Migrating LVM volumes using AoE
It’s been a little over two months since I accomplished this and wanted to share it as I hadn’t found it anywhere over the net. It took me a while but finally it’s here! Enjoy!
To get everyone in context I’ll say that I had some Xen VMs which used LVM volumes as disk images living in one machine and I suddenly needed them on another one. After searching for some tried and tested solution I found none. So the only option I could see was to do some kind of dump (probably dd involved with bzip2) and bring them over to the other machine. Be it by network, DVD or external disk. Haven’t done it before, and it sure would have taken some effort on my part. Downsides: dangerous precise movements required and nothing new learned. This was a no-op
Luckily an alternative came to my mind. I could use AoE [1] (ATA over Ethernet not Axis of Evil nor Age of Empires!!!) and some LVM wizardry. Upsides: dangerous precise movements required and cool stuff learned. This was the way to go!

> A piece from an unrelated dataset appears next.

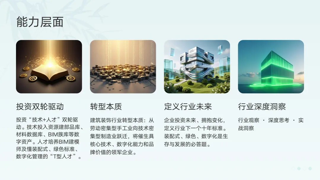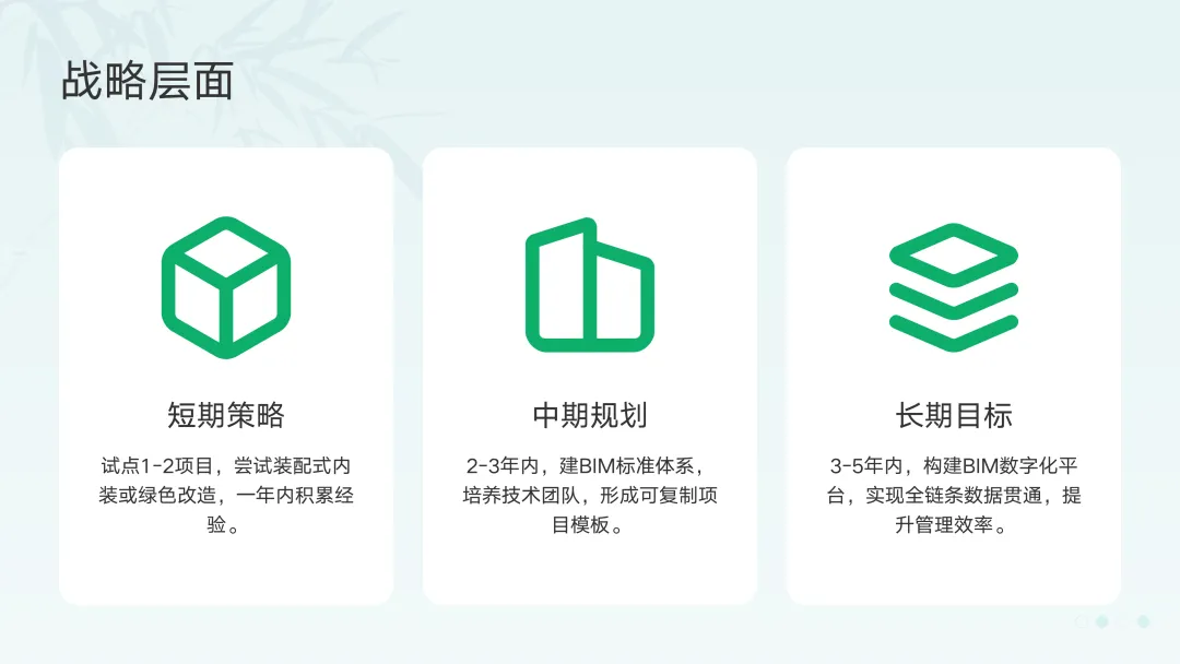 面对装配式与绿色建筑的双重趋势,企业不应观望,而应主动拥抱。基于行业最佳实践,我提出三条具体建议:1. 战略层面:制定"三步走"转型路线图• 短期(1年内):选择1-2个试点项目,尝试装配式内装或绿色改造,积累经验。• 中期(2-3年):建立企业级BIM标准体系,培养复合型技术团队,形成可复制的装配式/绿色项目模版。• 长期(3-5年):构建基于BIM的数字化管理平台,实现设计、采购、生产、施工、运维全链条数据贯通。2. 组织层面:打破部门墙,建立协同工作模式装配式和绿色建筑都是系统工程。企业需要打破传统设计、施工、采购各自为政的格局,组建跨职能的"产品化项目部",让设计师懂工艺、让施工员懂设计、让采购员懂性能。3. 能力层面:投资"技术+人才"双轮驱动• 技术:投入资源建立企业级部品库、材料数据库、BIM族库等数字资产。• 人才:不仅培养BIM建模师,更要培养懂装配式、懂绿色标准、懂数字化管理的"T型人才"。写在最后:建筑装饰行业的这次转型,本质上是从"劳动密集型手工业"向"技术密集型制造业"的跃迁。这个过程必然伴随阵痛,但也将催生一批具有核心技术、数字化能力和品牌价值的新时代领军企业。那些在今天敢于投资未来、拥抱变化的企业,不仅是在应对市场挑战,更是在定义行业的下一个十年标准。装配式、绿色、数字化——这不再是一道选择题,而是一道关乎生存与发展的必答题。

Just for the sake of clarity some definitions and requirements first. All the stuff below was done on two Debian Etch 4.0 boxes. Both of them having Xen for virtualization and LVM2 for storage administration. You’ll need an AoE enabled kernel (Debian’s kernels are from 2.6.11+). You’ll also need the aoetools package in the destination machine at least. Let’s call ORIG and DEST the machines and VG = Volume Group, PV = Physical Volume and lv = Logical Volume. If that’s mumbojumbo to you then keep away from the next commands!
Now to the recipe:
Enable AoE server on ORIG
root@orig-host# vbladed 0 0 eth1 /dev/md1
That should export any block device you want over eth. In my case a whole RAID device (md1) was exported through eth1 with major 0 and minor 0. Consider that Ethernet protocol is layer 2 and is non-routable. Another thing is that AoE provides no security inherently, so I enabled it manually for this and disabled it afterwards. If you are going to use it otherwise make sure you design a security scheme to go with it.
Enable AoE support on DEST
root@dest-host# modprobe aoe
Then search for AoE devices and make sure it found some
root@dest-host# aoe-discover
root@dest-host# aoe-stat
That should output something like “e0.0 250.000GB eth0 up”. At this point you should have a new block device available on the client box named /dev/etherd/e0.0. You can do anything to that block device as if it was a locally attached device. Cool!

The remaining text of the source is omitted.